My sickness allows me to be a hermit.

And I am so grateful for that.  Because of the chronic illness I do not have the stamina for stupid people.  I can't listen to idle chit-chat and luckily I now can beg off because I don't feel well.  Once I stand I have to start walking or I won't make it to where I am going.  It isn't that I don't want to stay and listen to a person talk, its just that I physically can't.  My sickness provides me with a socially nice way of saying no and thank goodness for that.  I don't want to be alone and I feel bad because I am not becoming a better person and I really want to be better, but I really am not physically able to handle the most basic of tasks.

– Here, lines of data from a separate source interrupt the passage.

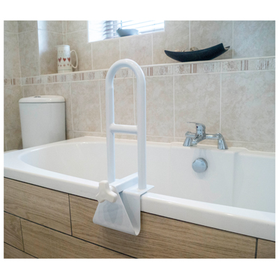 De verwijderbare badgreep is ontworpen om u extra steun te geven bij het in- en uitstappen van uw bad. Dit product klemt zich veilig vast aan de zijkant van uw bad, gemakkelijk en zonder gereedschap. De grijpstang is volledig verwijderbaar voor gebruik onderweg en kan worden opgeborgen wanneer hij niet wordt gebruikt.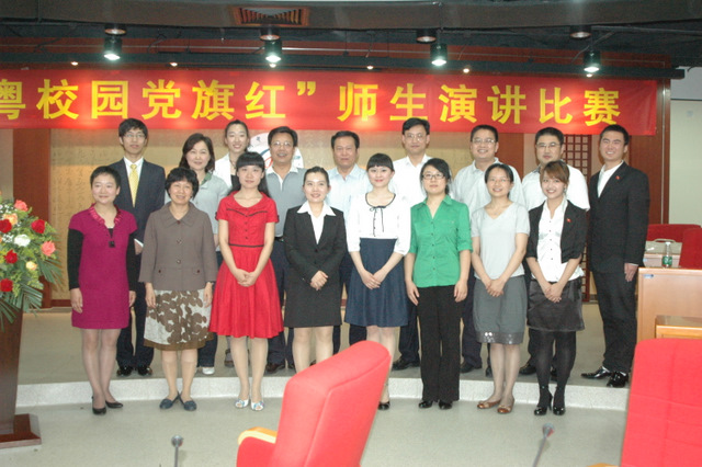 黄斌书记在发言中说,"南粤校园党旗红"系列活动的举办是为了纪念中国共产党建党90周年,重温党的光辉历程、歌颂党的伟大成就。演讲比赛是系列活动中历时最久、覆盖面最广、参与积极性最高的一次比赛。黄书记赞赏师生积极参与比赛的热情,鼓励师生通过多种形式"创先争优,争当先锋",为学校的建设,为幸福校园的构建贡献力量,以实际行动,为党的90岁生日献礼。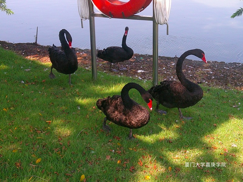 栖霞凌波映黑鹅,静享湖畔好时光。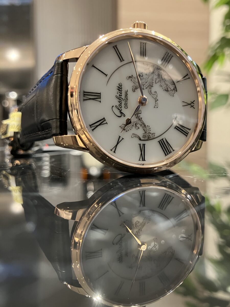 サファイアクリスタルのケースバックからはグラスヒュッテ・オリジナル独自の3/4プレートやグラスヒュッテストライプ仕上げとペルラージュ装飾、青焼きねじ、手作業の彫金など、グラスヒュッテ・オリジナルならではの特徴を楽しむことが出来ます。

Luckily. my mother in all her nosey nature started my quilt class.  I live for my ebay auctions and for the quilt class.  I am willing to endure any pain for that small time because really the company is so good I do not feel the pain.  I love the class not for the quilting, but for the ability to speak freely.  I care for the women that come into my home and allow me to not only share my talent with them, but more important to share of myself and they share of themselves.  It is a real blessing and I wish more women would do it, so I could get to know them..

It is strange to think that there could be an upside to being chronically ill, but for me as an introvert, I am very grateful to have the shield that being sick provides.  I haven't lost my faith in God and Jesus Christ.  The memory of feeling Their love is still with me.  I know I do not have the ability to feel it any more, but They still love me very much and knowing that is very important to me.